Corporate Social Responsibility in India: policy and practices of Dutch companies

Corporate Social Responsibility in India: policy and practices of Dutch companies

More can be done to improve CSR of Dutch companies in India

This study sets out to analyse to what extent Dutch companies in India have developed a policy on Corporate Social Responsibility (CSR) as well as to identify good practices and potential difficulties in the implementation of such policy. Furthermore the study hopes to support companies in finding practical solutions.

Key findings of the study include:

  • because of limited resources, less public pressure and less requirements CSR is not at all institutionalised yet in Small and Medicum Enterprises (SMEs)
  • companies are mainly reactive and less pro-active in the formulation of their CSR policy
  • the relation between the mother and the daughter company it is not clear which company is responsible for the CSR impact of the business activities
  • there are important areas in which the perception of Dutch companies and NGOs on CSR differs from the Indian perception
  • companies are more concerned with CSR related to their own production processes and often fail to detect non-compliance in the work processes they outsource locally
  • companies consider the broader human rights situation to be the primary responsibility of governments and do not want to take a position on political decisions taken by the state, even if they involve human rights violations
  • the environmental policy of companies is mainly focussed on traditional "grey" issues, such as the use of energy, material and water, emissions and waste management
  • transfer of science and technology is to a limited extent achieved by appointing Indian management and employing Indian staff.

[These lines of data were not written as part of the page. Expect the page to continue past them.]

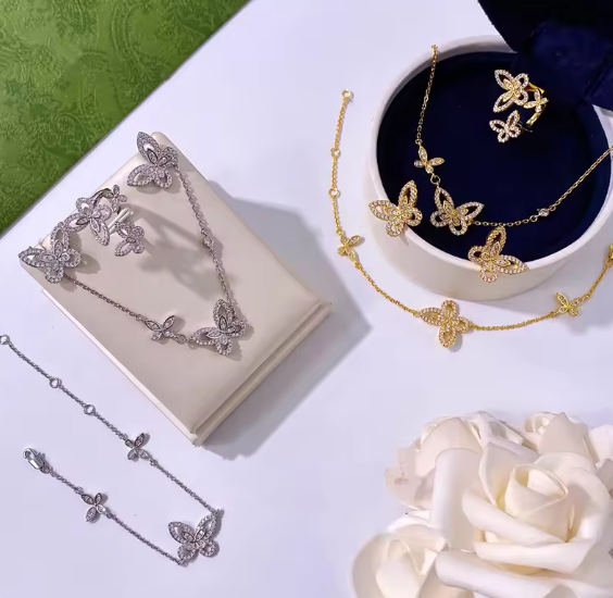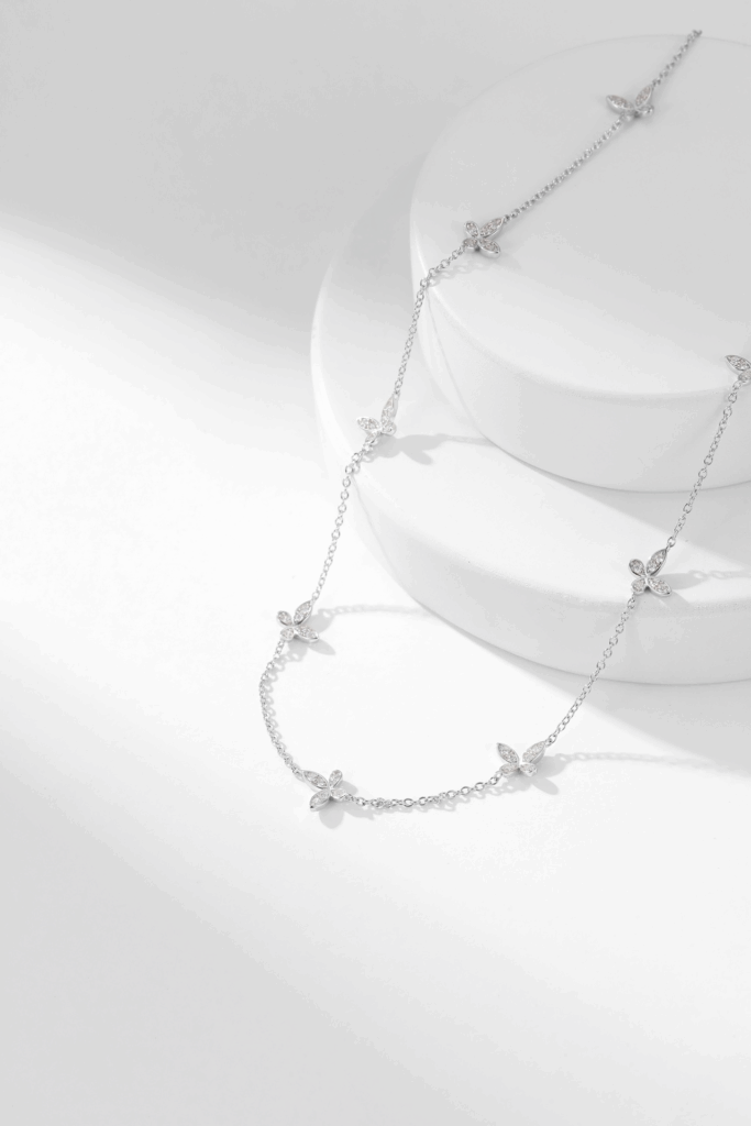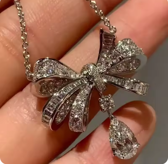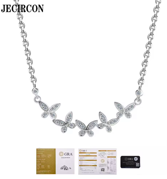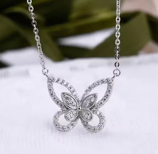 こちらは比較的新しいスモールバタフライのモアッサナイトネックレスです。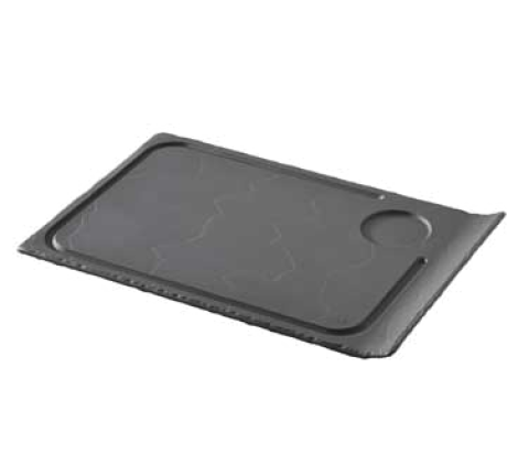 (BA1933) Steak Plate, 13" x 8-3/4", with upturned end, safe for oven, microwave, freezer, and dishwasher, flake & scratch resistant, non-porous porcelain, matt slate style, Basalt (US stocked item)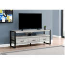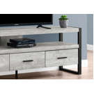 Industrial-inspired styling with a rustic gray woodgrain finish. An open shelf ideal for audiovisual units.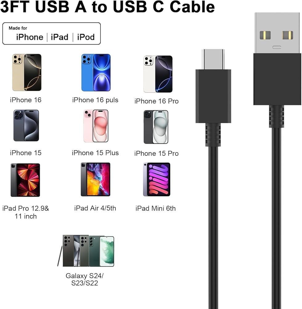 The USB to Type-C 60W data cable can not only quickly charge Type-C phones, for iPhone 16/16 Pro/16 Pro Max/16 Plus, iPhone 15/15 Pro/15 Pro Max/15 Plus, iPad,for Galaxy S24/S23+/S23 Ultra/S22/S22+/S22 Ultra/S21/S20/Note 20, for Pixel, and more phones , but also support fast charging of Type-C laptops and tablets.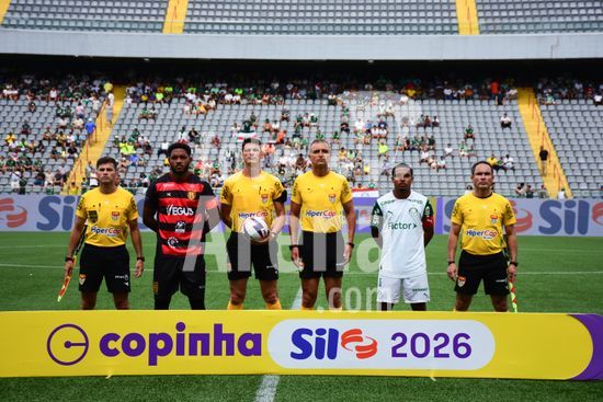 2868743 Equipe de arbitragem e capitães dos times durante partida entre Palmeiras x AA Flamengo SP, válida pela terceira fase da Copa São Paulo de Futebol Júnior 2026, nesta quinta feira (15), na Arena Crefisa Barueri, em Barueri, SP.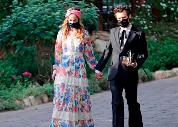 Asimismo, durante la boda de Jeff Azoff (el agente de Harry) en California, se ve a la pareja tomados de la mano con una vestimenta elegante y portando un cubrebocas negro. En otra fotografía de Page Six se ve a Harry vistiendo una bata blanca mientras conversa con los novios.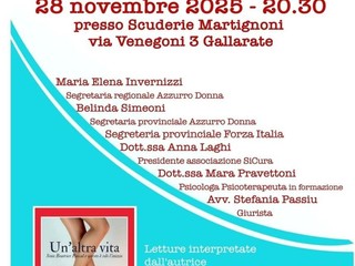 L’intervento si è concluso con uno sguardo al futuro e con l’annuncio della serata dedicata alla prevenzione e alla rinascita delle donne che hanno vissuto situazioni di violenza. L’iniziativa, intitolata “Rinascere Libere – La forza oltre la violenza”, si terrà venerdì 28 novembre alle 20.30 alle Scuderie Martignoni di via Venegoni 3. Interverranno la segretaria regionale di Azzurro Donna Maria Elena Invernizzi, la stessa Belinda Simeoni per la segreteria provinciale di Forza Italia, la presidente dell’associazione SiCura Anna Laghi, la psicologa psicoterapeuta in formazione Mara Pravettoni e l’avvocata Stefania Passiu.
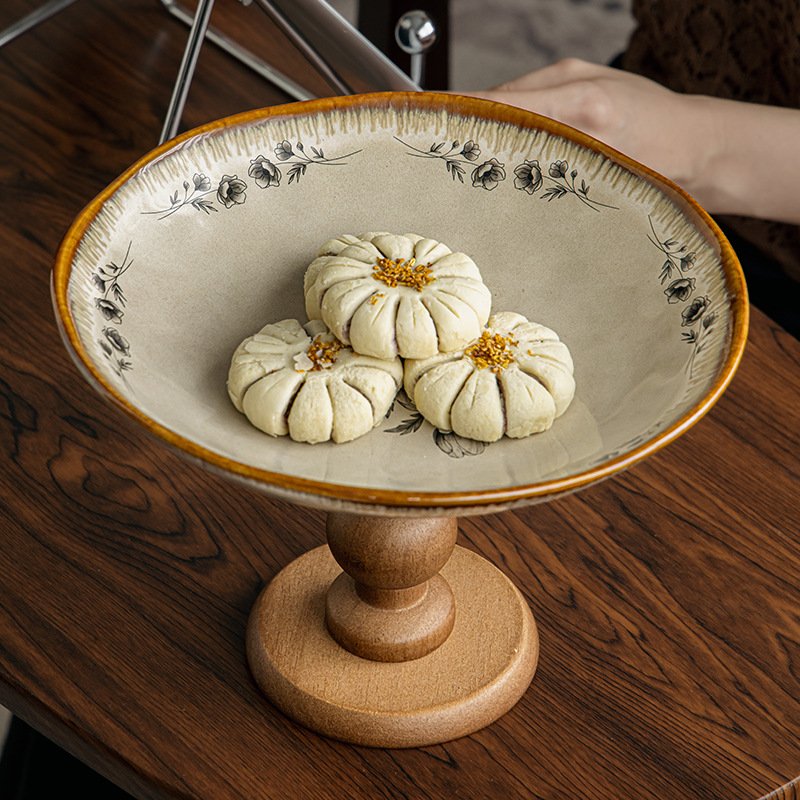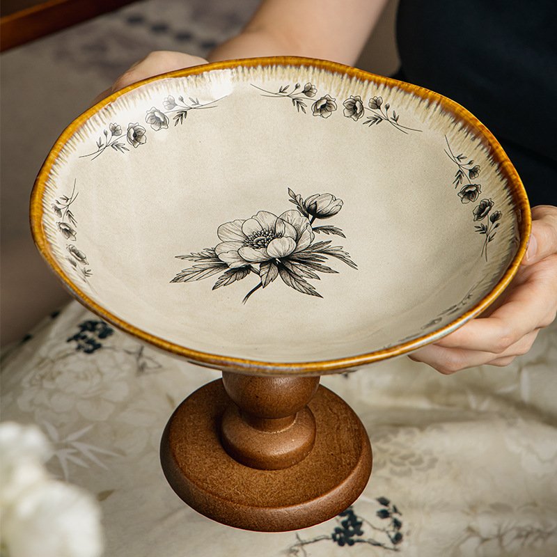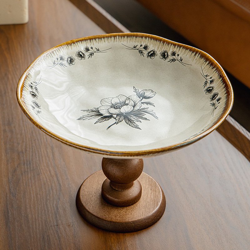 Vintage Floral Ceramic Pedestal Serving Dish: Infuse Retro Elegance into Your Dining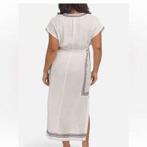 Rachel Zoe Swim Cover White Navy Embroidered Kaftan Size Small

Based on the above findings the study makes the following recommendations:

  • companies should make more use of CSR risk assessments: this would stimulate pro-activeness, and will help to reveal sector and country specific CSR issues
  • a CSR policy should not only be communicated top-down but should be supported by a credible stakeholder assessment and dialogue as well as clear implementation measures
  • companies could show their intention to be transparent by adopting an explicit transparency policy in their codes of conduct
  • NGOs should support SMEs by means of sector wide initiatives and exchange of best practices
  • Dutch NGOs should not only focus on large and well-known multinational corporations (MNCs), but also on SMEs and on supermarkets in the lower price segment
  • Indian NGOs are in the process of setting up a CSR platform; they could make use of the experiences and expertise of the Dutch platform
  • the Dutch government should provide more guidance on political sensitive issues which can affect the impact of activities of Dutch companies, also in a democratic country like India
  • the Dutch government together with NGOs could develop CSR country-based toolkits or fact sheets for the benefit of Dutch companies wanting to locate or invest in a developing country.